[Opening Information provided section]

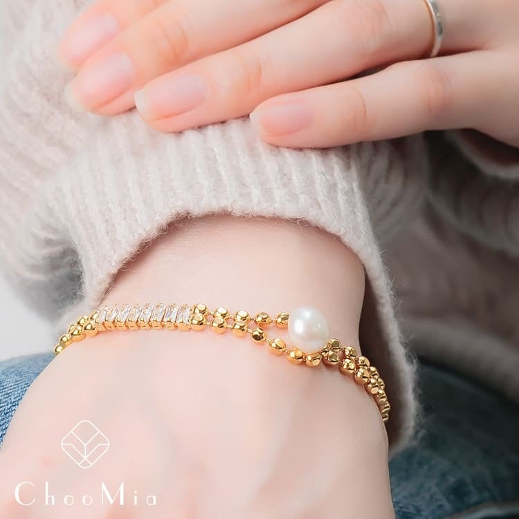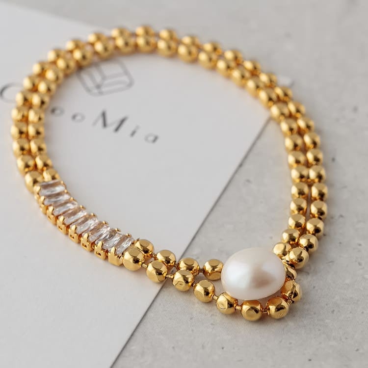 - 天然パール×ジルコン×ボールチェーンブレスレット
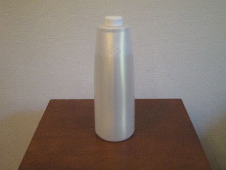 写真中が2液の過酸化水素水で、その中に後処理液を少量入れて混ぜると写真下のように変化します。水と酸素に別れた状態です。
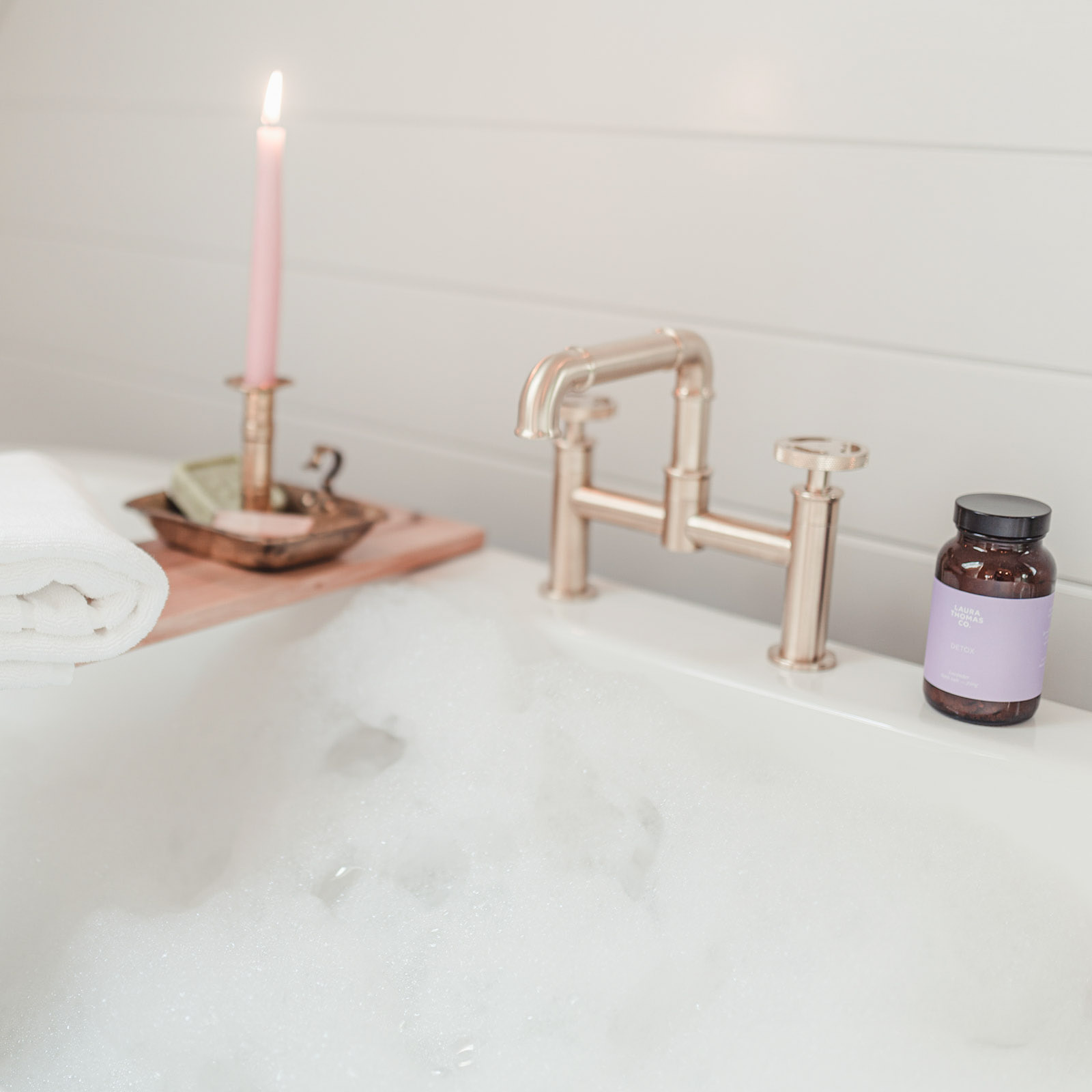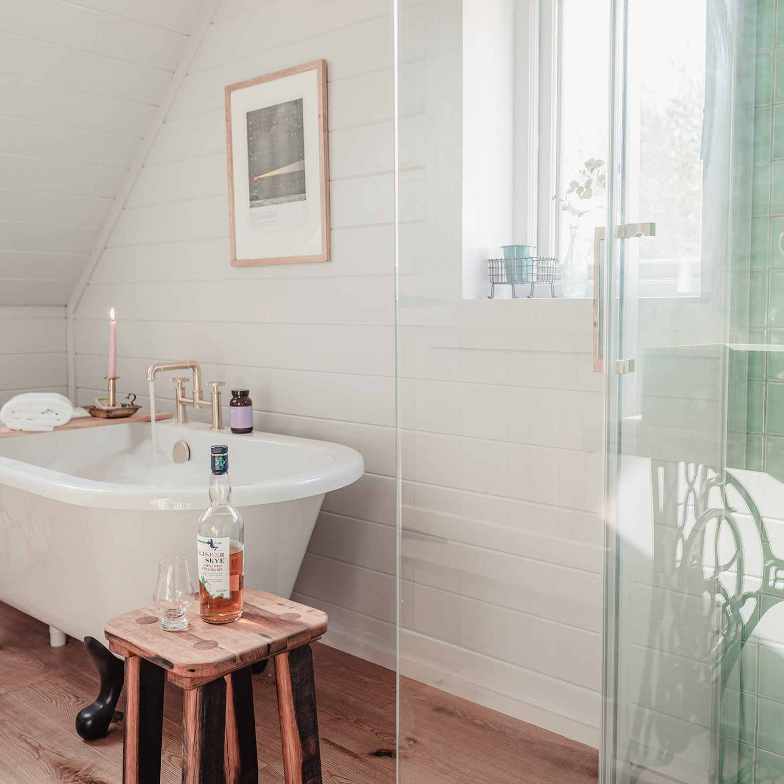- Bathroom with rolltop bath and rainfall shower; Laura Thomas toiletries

[Closing Information provided section]

Print the full listing above again with exact wording and no images.

 - 天然パール×ジルコン×ボールチェーンブレスレット
 写真中が2液の過酸化水素水で、その中に後処理液を少量入れて混ぜると写真下のように変化します。水と酸素に別れた状態です。
- Bathroom with rolltop bath and rainfall shower; Laura Thomas toiletries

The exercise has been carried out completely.